Trust is key for technology
Alex Mathers attended the DMEXCO Digital Marketing conference held in Cologne and shares his two key digital takeaways.
Trust is front and centre
Continuing the 'techlash' theme we saw at this year's Consumer Electronics Show back in January, 'trust' was front and centre at this year's DMEXCO digital marketing conference held in Cologne, with even the motto for the event 'Trust in You'.
Recent studies suggest that trust in technology has been falling in the light of well-publicised privacy scandals and fines - with public trust in the internet (as measured by an EU-wide survey from Eurobarometer) falling to the lowest level since 2009.
Technology companies have responded in a variety of ways - from Apple’s privacy-first ‘Sign In with Apple’ offering launched to rival Google and Facebook, but promising greater data protection via generating one-time email addresses for logins, and sharing limited data with application developers - to Facebook’s new ’Off-Facebook Activity’ privacy tool launched in beta this August.
However for marketers and AdTech companies alike, the most challenging problem is the declining ability to use ’cookies’ (the tracking method used by almost all AdTech and MarTech platforms), as a result of the combination of increased mobile browsing, third-party cookie-blocking in modern web browsers, and GDPR and other privacy regulation. This of course creates opportunities for Facebook and especially Google, with their powerful combination of the Chrome web browser (with 60-65% market share worldwide) and extensive use of Google’s single sign-on offerIng - but also for AdTech businesses offering identity resolution solutions, and businesses that are able to make effective use of their own first-party data.
Whilst the concerns for AdTech businesses are particularly pressing given the centrality of user identification and tracking to their businesses, data is central to all modern marketing (‘today’s data is tomorrow’s strategy’ was a particularly resonant quote from one speaker) and therefore all businesses need to make sure they manage customer data carefully. This is essential to ensure the goals are achieved whilst maintaining trust and privacy.

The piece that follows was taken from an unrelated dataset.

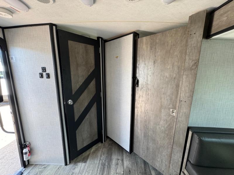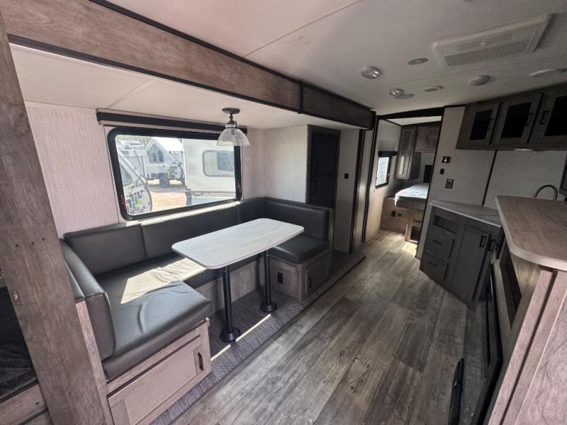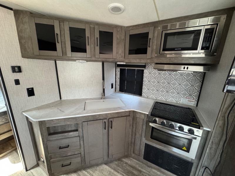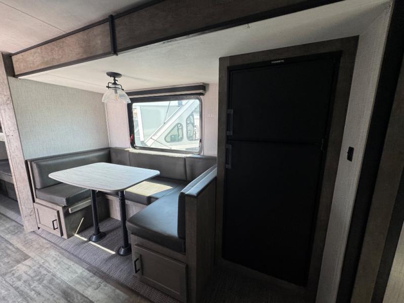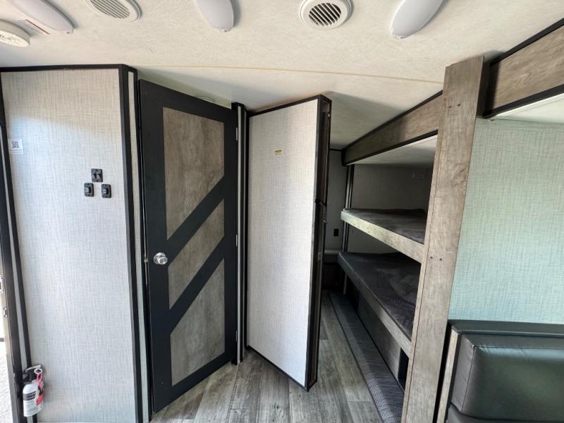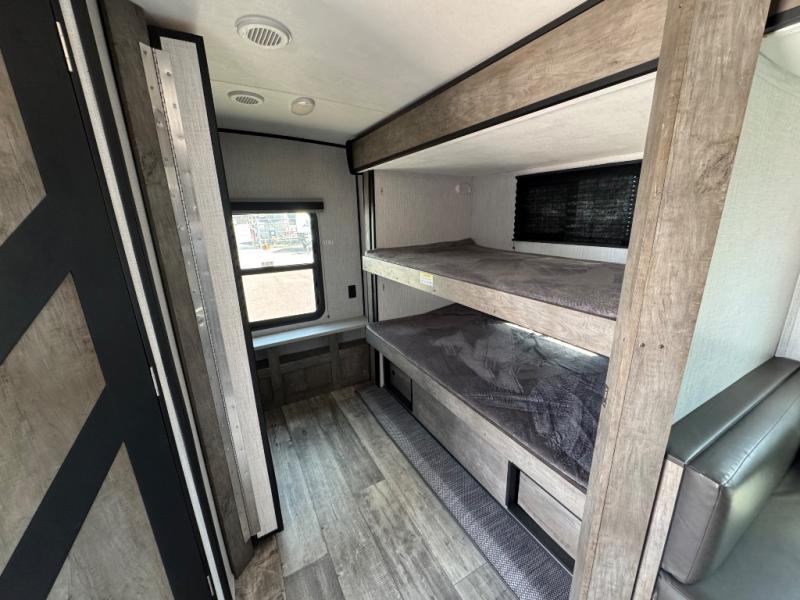This is a travel trailer the whole family will love! You can sleep seven to eight with the added bunk beds in the bunkhouse, the king bed in the front bedroom, plus the U-shaped dinette within the large slide out. The chef of the family can prepare meals on the three burner cooktop or use the microwave oven. There is plenty of counter space to prep fresh veggies, and the walk-in pantry can store paper goods and snacks. This model also includes a 18' electric awning with LED lights and outside speakers that will allow you to be the life of any party!

Trusted partnerships are key for CMO
Another interesting area of discussion was the changing role of the Chief Marketing Officer. There is no question that the role is getting increasingly complex, as questions on technology, customer experience and even broader digital transformation are brought into the CMO's domain - whilst expectations continue to rise on what can be achieved in the ‘traditional’ areas of brand building and demand generation.
This complexity is heightened by the increasing levels of specialisation particularly in digital marketing - where the tools and channels available are evolving so fast it can hard to keep up, and immediate feedback on performance shines a sometimes unforgiving (if helpful in the longer-term) spotlight.
No one individual can expect to be an expert in every aspect of today's marketing world - so partnerships are key.
The consensus from the CMOs speaking at the conference was unsurprising though - it's all about collaboration and partnership, both internally and externally. No one individual can expect to be an expert in every aspect of today's marketing world - so partnerships are key.
Despite a trend towards in-housing, agencies still play a key role here, as a way to stay on top of trends and bring fresh thinking to the table. This however returns to the central theme of this year’s DMEXCO which is again about trust. This is something that resonates strongly with us as partnerships are at the heart of our approach to Digital here at Inflexion too, where our digital associates network of individuals and trusted partners are core to how we work with our portfolio across topics from digital marketing to data science.